The severe shortfall puts medically fragile children at risk for worsening health and missed opportunities for life-changing treatment and support. Many families wait months — and in some cases a year or more — to get appointments. Sometimes they’re forced to drive halfway across the state to see a doctor. Sometimes by the time they see the specialist, the child’s condition has deteriorated or the window of opportunity for treatment that could halt or significantly reduce the progress of a disease or disorder has closed.

The shortage of specialists affects all children but is especially pronounced for children with disabilities and those from low-income families, because these children rely on the state’s health insurance program, Medi-Cal. Some specialists won’t accept the state health insurance plan and if the children’s families cannot afford to pay for private insurance or out-of-pocket care, then — despite having health coverage — they will not have access to doctors they need to see.

Pediatric specialists are pediatricians who undergo extra years of medical training so they can treat children with complex health care needs such as cerebral palsy, congenital heart disease, cystic fibrosis and cancer. Children’s hospitals and medical centers across California report that it often takes a year or more to fill these positions — if they can fill them at all.

“It’s become a crisis,” said Dr. Carlos Lerner, a pediatrician who oversees a program providing specialty care for medically complex children at the Ronald Reagan UCLA Medical Center. “The fear is not just about today, but just projecting the current trend into the future, that’s where we really get worried.”

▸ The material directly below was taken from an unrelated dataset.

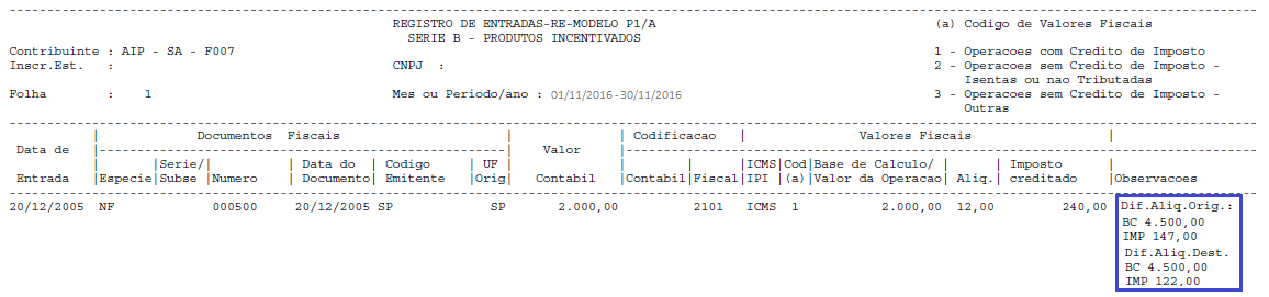 P887 - Crédito por Entradas - Dif. Alíq – Origem;

Children’s hospital leaders and pediatrician groups are calling on the state and federal government to increase the amount they pay these doctors for treating children and provide more training incentives, which are well below those of Medicare and private insurance. Without these actions, experts warned that shortages will only get worse.

Close to 360,000 children in California have medically complex conditions, according to the Children’s Specialty Care Coalition, an organization representing medical groups and hospitals treating children with special health care needs across California. That number is expected to double in the next decade as medical and technological advances reduce mortality rates for seriously ill children. Like Marc, these kids typically require care from multiple subspecialty physicians.

The American Board of Pediatrics report, using data from 2021-2023 across 20 pediatric disciplines, found that the number of specialists varied widely across disciplines, ranging from the one pediatric medical toxicologist for the entire state to 606 neonatal-perinatal pediatricians in California, or one for every 14,476 children. A child will require a specific specialty based on their condition, and it’s common for children with complex health care needs to need treatment from a range of specialists. The wait times compound for these children, as they wait months for one appointment, and then months for another, often delaying their diagnoses or treatment.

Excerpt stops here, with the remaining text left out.